This article sets out to (1) analyse the notion of sanctions in penal law against the background of both national and European Union, as well as Council of Europe, law; (2) then examine the problems related to public law sanctions as exemplified by suspension of the right to drive; and 3), finally, consider the prohibition of business in civil law as a punitive sanction.
2. Penal law
The nature of penal law is eventually revealed in the penalty imposed for a wrongful act. Here we may ask whether each legal consequence in punitive law is a sanction or sanctions only include penal or punitive sanctions that give a negative assessment to an act. In fact, there are more questions to ask, such as that of the extent to which we can talk about sanctions in the case of a legal consequence that involves not imposition of a penalty but instead its rescission.
It is obvious that sanctions comprise penalties. The European Court of Human Rights points out the characteristics of a penalty that distinguish this sanction from the punitive sanctions contained in other branches of law. Firstly, a penalty must be contained in criminal or misdemeanour law (this criterion not being of any significance here); secondly, the nature of the delict is important, whether it is part of general penal law and aimed against general legal rights but is not a disciplinary offence; and, thirdly, the content of the sanction, the damage contained therein, and the resulting important preventive impact on the public are key.*2
A penalty may be applied both actually and conditionally. The applicable Estonian penal law uses the French and Belgian sursis in the institution of conviction, in the case of which a person is convicted and is given a penalty that is not enforced but is conditional. According to the system of law, the conditional sentence is not regarded as an independent sentence type but as release from punishment (Chapter 5: ‘Release from punishment’); however, it follows the punishable act and is a legal consequence determined by the degree of guilt, and thus it must be considered a sanction. During the period of probation, the convicted offender may be subjected to certain supervisory requirements or obligations; for example, he must reside at a permanent place of residence determined by the court, remedy the damage caused by the criminal offence, undergo the prescribed treatment, not meet certain persons, and so on (§ 75). Such requirements and obligations are not sanctions per se but form the substance of a conditional sentence as a sanction.

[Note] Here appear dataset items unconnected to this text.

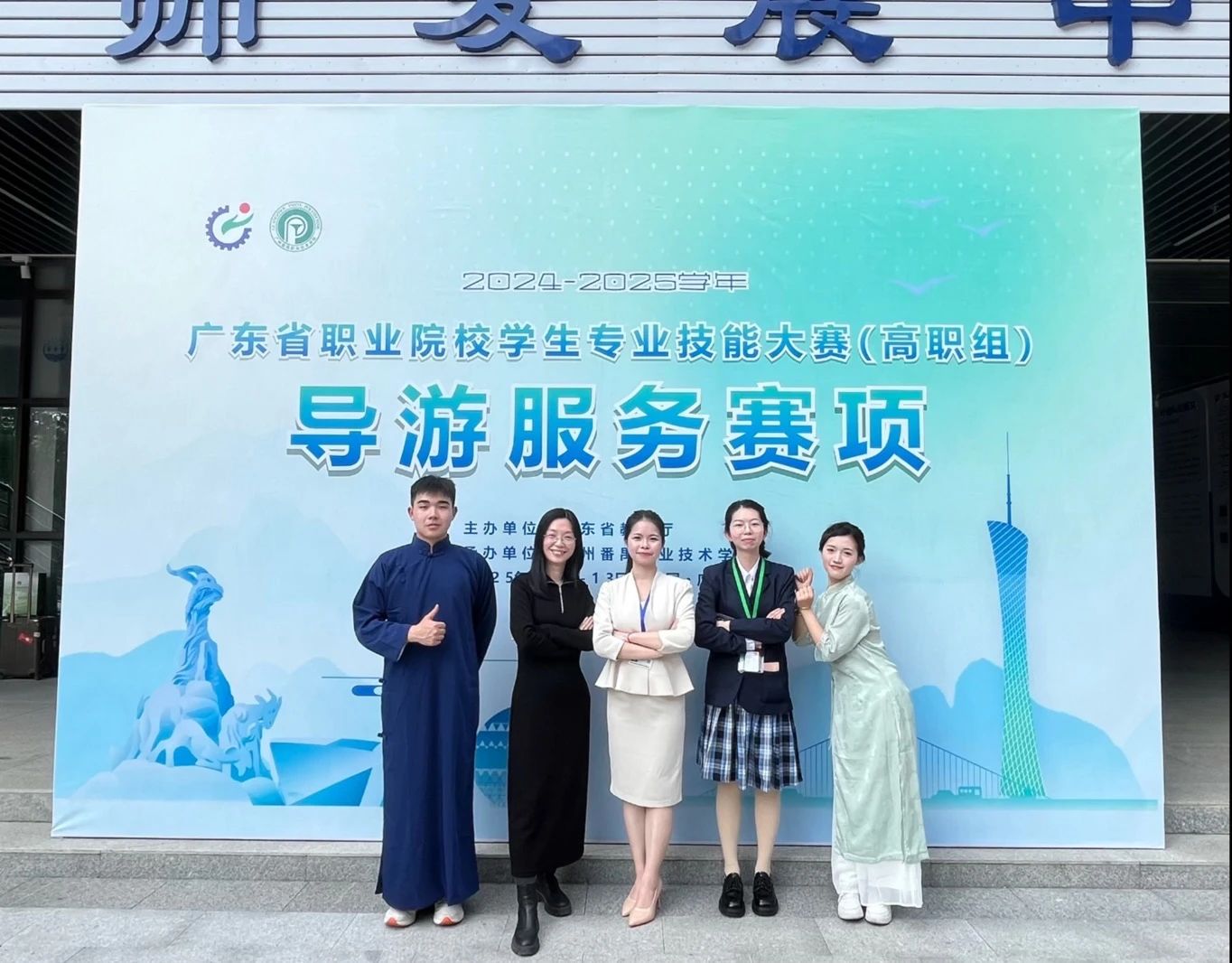 2025年3月12-13日,广东省职业院校技能大赛“导游服务赛项”在广州番禺职业技术学院举行,来自广东省56所高职院校参加了此次竞赛。广州华商职业学院国产又粗又猛派出了由学生陈雨欣、黄雯燕、温晴晴、张志豪以及指导老师林琳、方雪组成的参赛团队获得省赛三等奖。
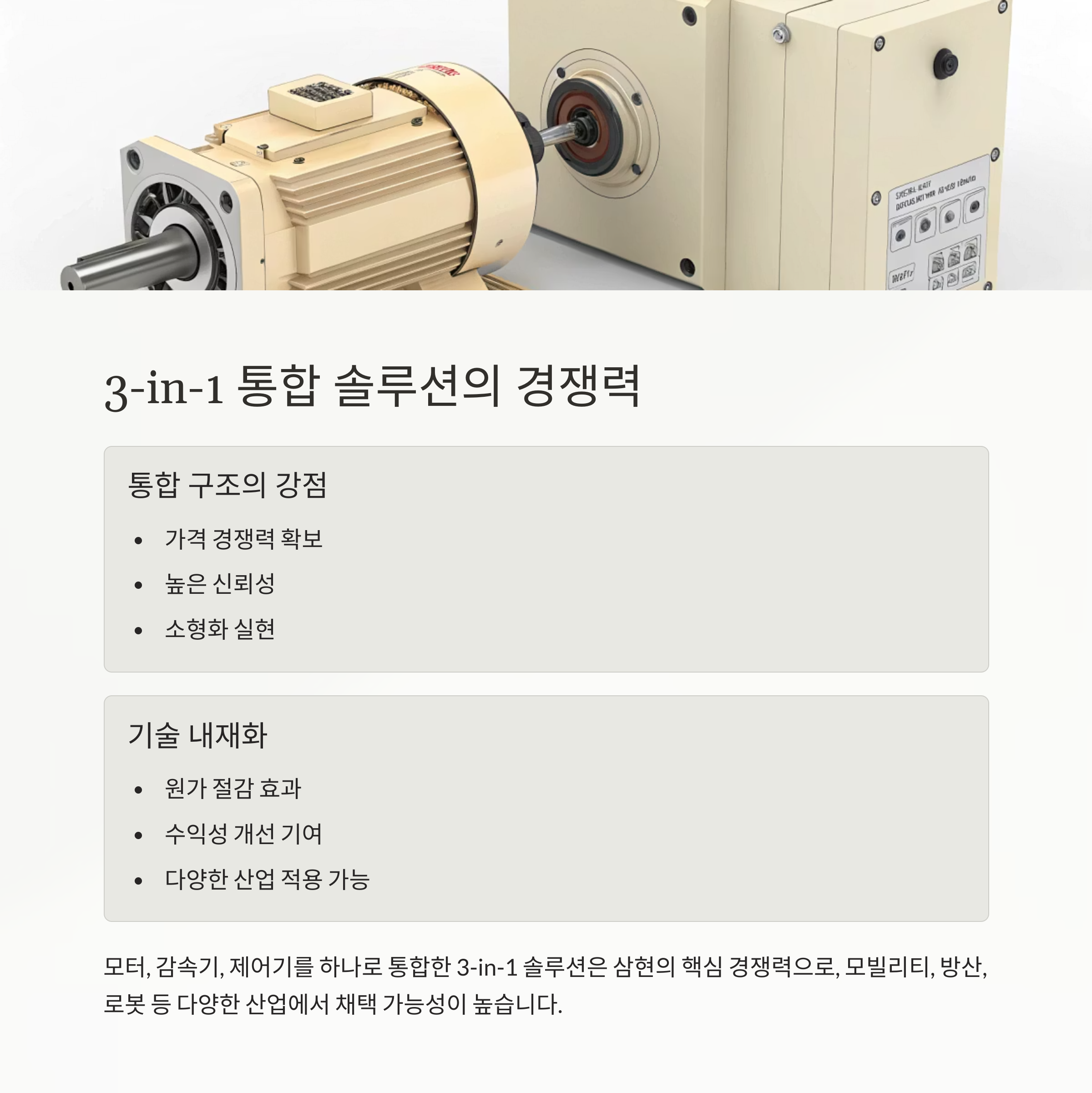 삼현의 가장 큰 강점은 모터, 감속기, 제어기를 하나로 통합한 3-in-1 솔루션입니다.
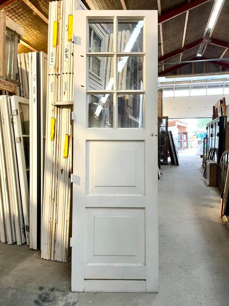 Døren er højrehængt og åbner ud. Med indvendigt greb. Døren er uden karm.
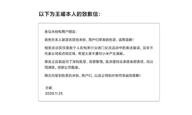 2020年11月21日,小米高管王嵋在2020中国人力资源管理年会——中国领先企业人才发展论坛上表示:“小米认为未来的天下,得屌丝者得天下,得年轻人得天下。”
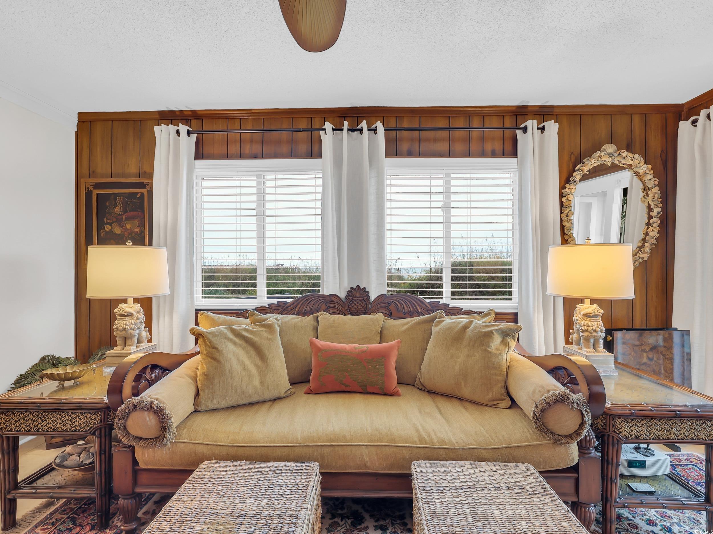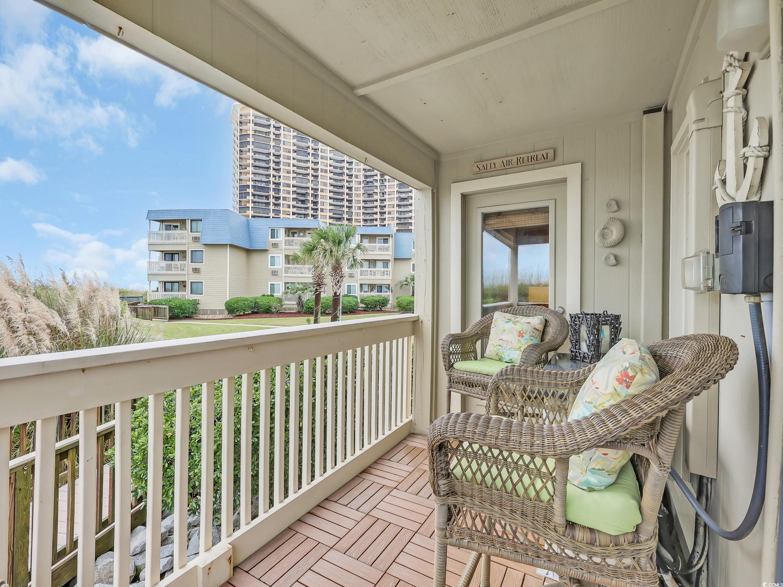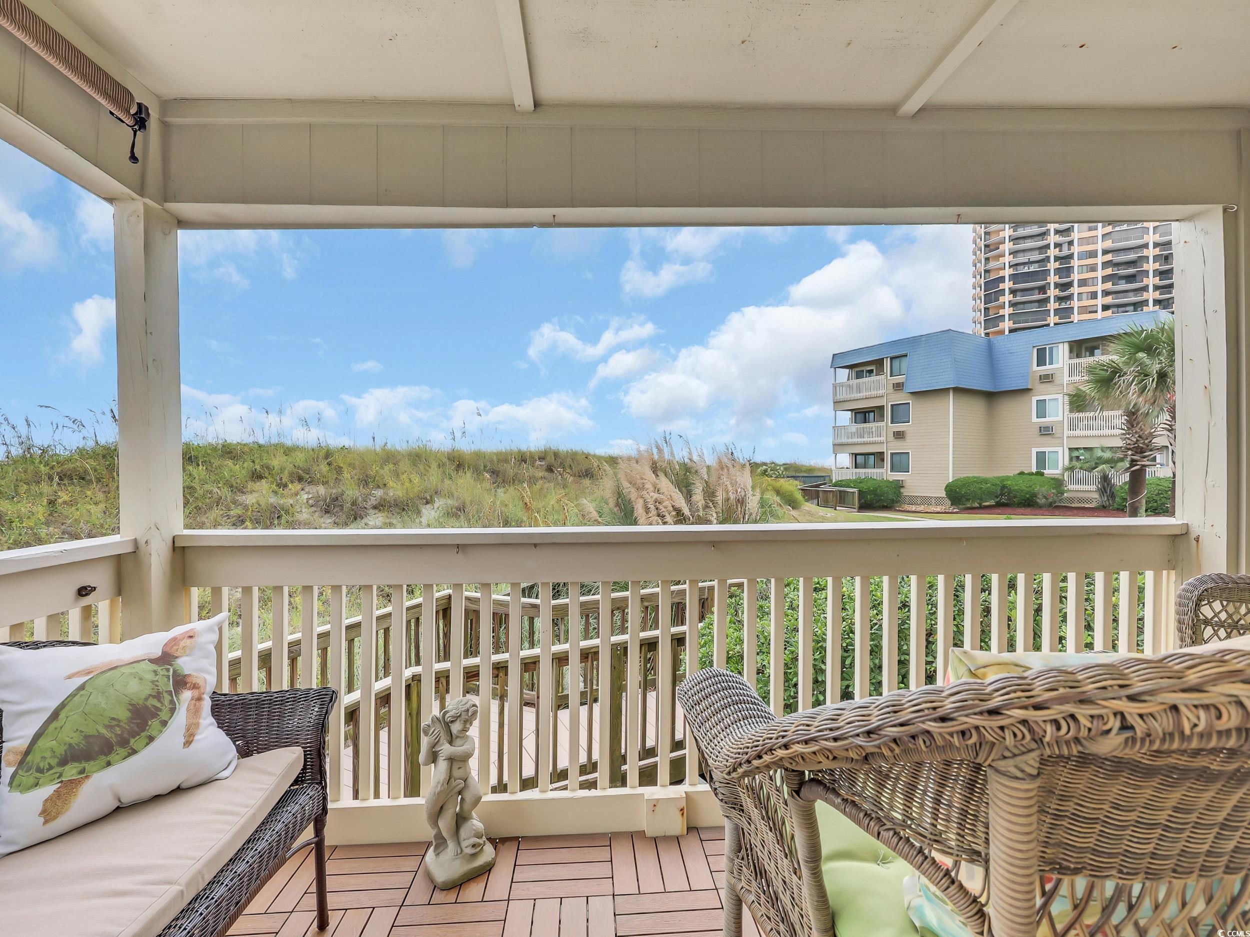 Welcome to this amazing oceanfront, furnished, first floor 2 bedroom 2 bath condo at A Place at the Beach IV in the coveted Shore Drive area of Myrtle Beach. This community is a true gem, with a mix of full time residents, second homes and rental investments. Families have owned here or vacationed here year after year for good reason. Short and long term rental are allowed making this an excellent investment opportunity. Fully furnished and ready to welcome you or your guests. Getting this close to the Ocean for this price point is rare. The HOA fees are comparatively low for an oceanfront community and include most utilities and building Insurance. Just inside the front door is the beautifully renovated kitchen. New high end slow close cabinets, beautiful granite counters, and updated stainless appliances. The new cabinets also include a custom unit for the in unit washer and dryer. A rare find for oceanfront condos! There is also a utility closet with storage just inside your front door and hooks for hanging your sandy beach chairs just outside. The primary bedroom is spacious enough for a king size bed and has an ensuite bathroom with updated vanity and a corner shower This bedroom also has its own door to the balcony where you can sit outside, enjoy the sounds of the ocean, watch the dunes grass sway in the breeze and relax and rewind. The guest bedroom includes 2 twin beds and has access to the full hall bath with tub/shower combo and upgraded vanity. Both bedrooms have ceiling fans and full size closets for storage. This unit has been upgraded with a mini split HVAC, not the standard wall units. Each room has the ability to control their own temperature and is much quieter to run. The real showstopper is the Ocean and Pier views right out your windows. Just step out the sliding glass doors onto the balcony where you can watch amazing sunrises while listening to the waves. If you'd rather watch the sunrise from the beach, you are less than 30 steps from your doorway to the sand. No lugging chairs up and down multiple flights of stairs, and its just a quick trip back to your condo for a sand free lunch or a quick nap. If the Ocean isn't on your agenda, there is a large pool, kiddie pool, and grilling areas right around the corner. Great place to meet the neighbors and catch some rays. There is a multitude of shopping and dining options available to the Shore Drive area. Flip Flops, Ocean Annies, and Finn McCools are a few of the locals favorites within walking distance, or hop in the car and be at Barefoot Landing, Tanger Outlets or Broadway at the Beach in just a few minutes.
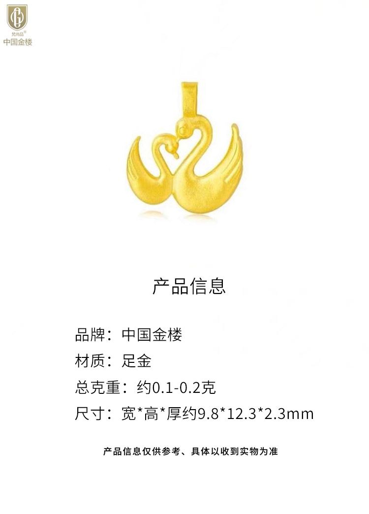 商品名称:中国金楼梵尚品5D足金吊坠天鹅送礼好物礼盒装送女友JJJ17351154(下单赠手机贴随机一个)
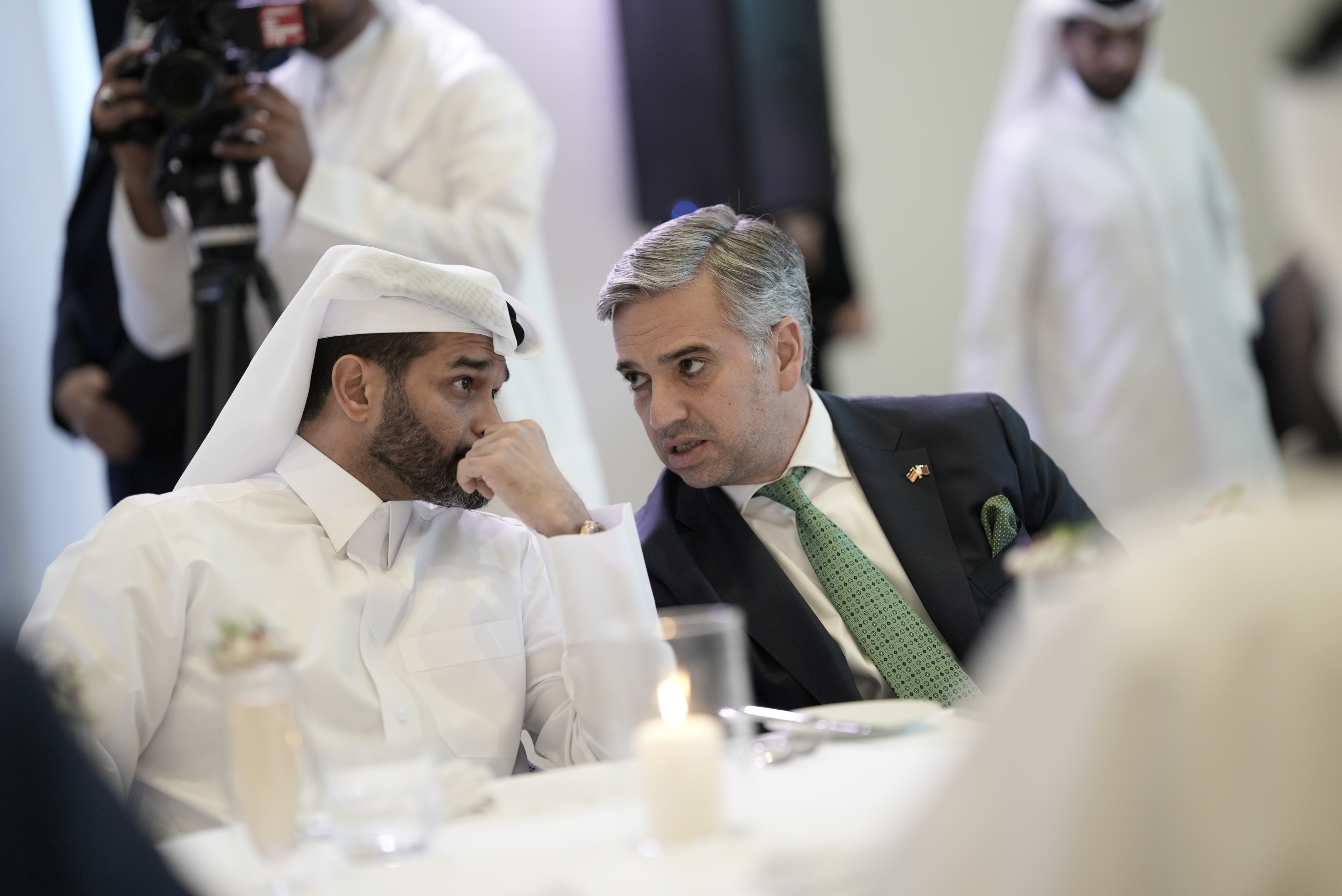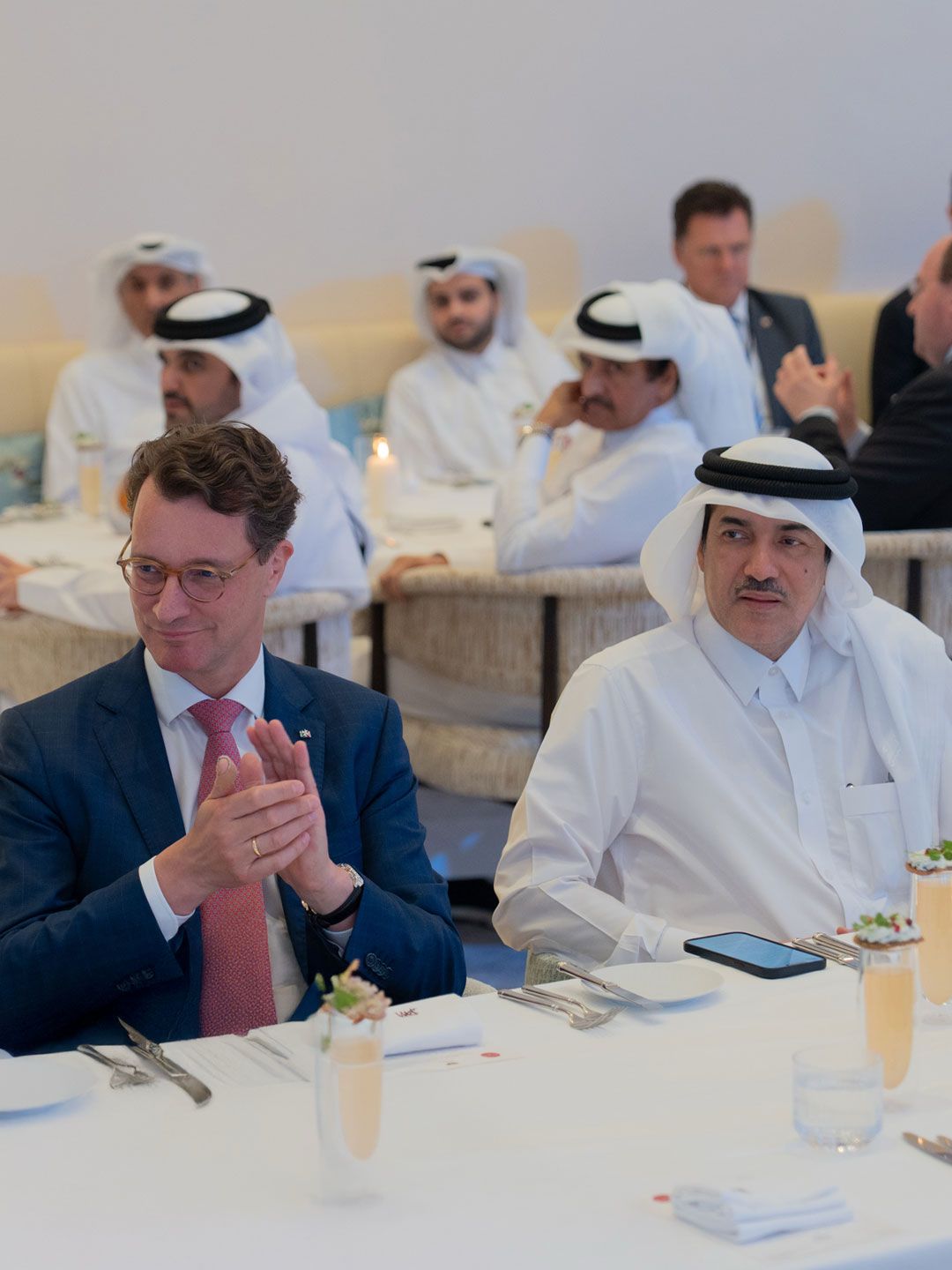 At an official dinner hosted by His Excellency Mr. Saad bin Ali Al Kharji, Chairman of Qatar Tourism, at Sanad Doha – Msheireb Downtown, high-ranking dignitaries gathered to honour the visiting delegation from Düsseldorf. Among the distinguished guests were His Excellency Mr. Hendrik Wüst, Minister-President of the State of North Rhine-Westphalia, and His Excellency Dr. Ahmad Al-Sayed (PhD), Minister of State for Foreign Trade Affairs at the Ministry of Commerce and Industry.
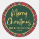 Adesivo Redondo Red Tartan Xadrez Dourada Script Feliz Natal
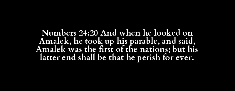 Numbers 24:20 And when he looked on Amalek, he took up his parable, and said, Amalek was the first of the nations; but his latter end shall be that he perish for ever.
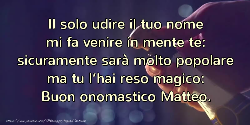 Il solo udire il tuo nome mi fa venire in mente te: sicuramente sarà molto popolare ma tu l’hai reso magico: Buon onomastico Matteo.
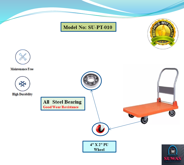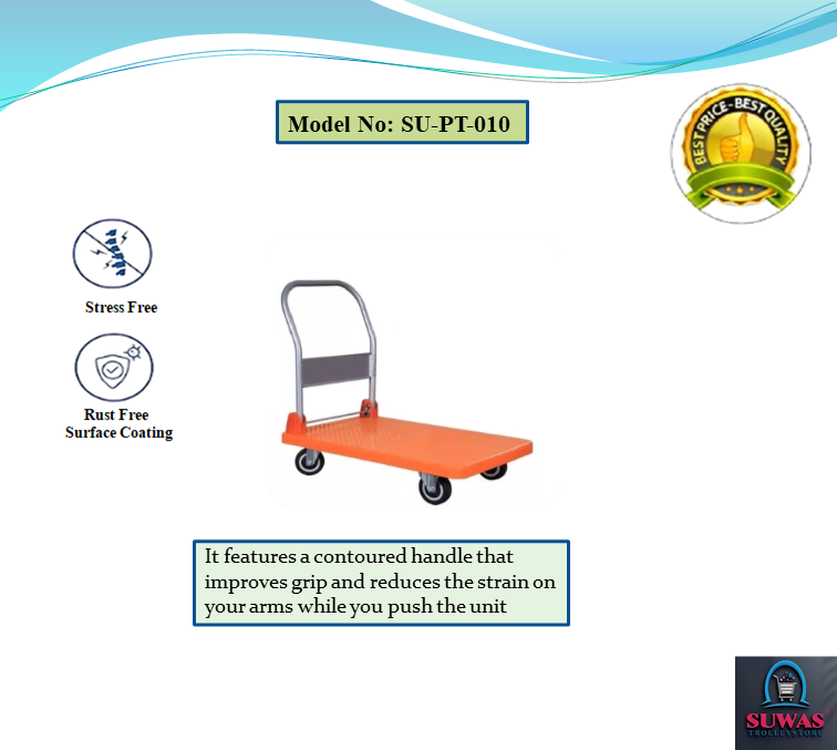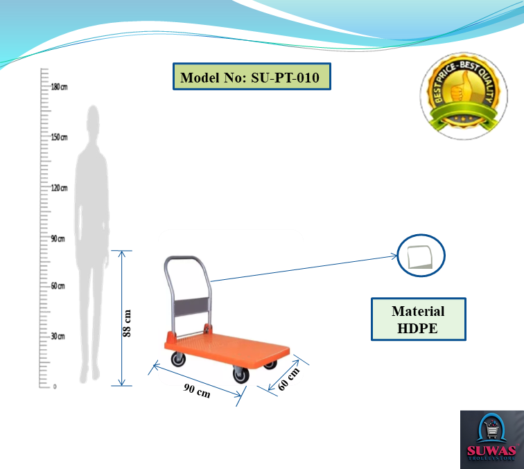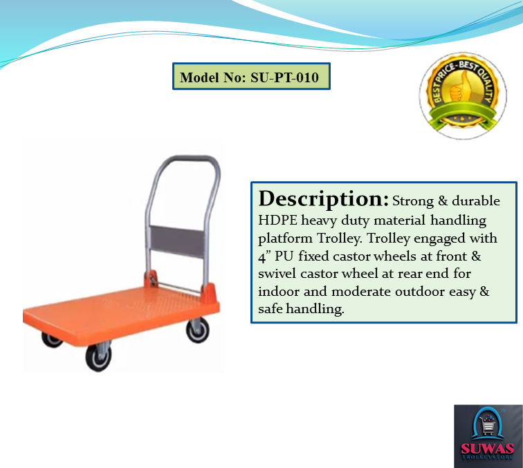 Strong & durable HDPE heavy duty material handling platform Trolley. Trolley engaged with 4” PU fixed castor wheels at front & swivel castor wheel at rear end for indoor and moderate outdoor easy & safe handling.

A person may be released from the conditional sentence not only during the imposition of the sentence but also during its service — that is, on parole (§§ 76 and 77). Here we can also say that the convicted offender continues to bear liability, though conditionally; thus, he is subject to sanction. Release from punishment due to terminal illness (§ 79 (1)), on the other hand, means unconditional release: the person no longer serves the sentence and is no longer sanctioned. Poena naturalis (§ 80) is a different issue. Namely, the court may release the convicted offender from the punishment if he is seriously injured as a result of committing the criminal offence. Though called a natural punishment, this does not, however, constitute a penalty in the legal sense and consequently does not serve as a sanction.
In addition to the principal and supplementary punishment, the sanction system underlying the Penal Code also recognises substitute punishments. For example, community service may be substituted for imprisonment (§ 69), while unpaid pecuniary punishment, a fine, or a fine to the extent of assets may be replaced by imprisonment, detention, or community service, respectively (Chapter 4, Division 3). Substitute punishment is definitely a sanction.
2.2. Other sanctions
Chapter 7 of the Penal Code, ‘Other sanctions’, comprises three types of legal consequences — confiscation (§§ 83–85), coercive psychiatric treatment (§ 86), and sanctions applied to minors (§ 87).
The classification of the latter as sanctions does not cause any problems, as, in the legal sense, a minor is released from punishment due to his diminished capacity for guilt; nevertheless, the sanctions imposed instead have features characteristic of penalties — these are measures designed to express social and ethical condemnation imposed for a wrongful act (see also section 4.2 below).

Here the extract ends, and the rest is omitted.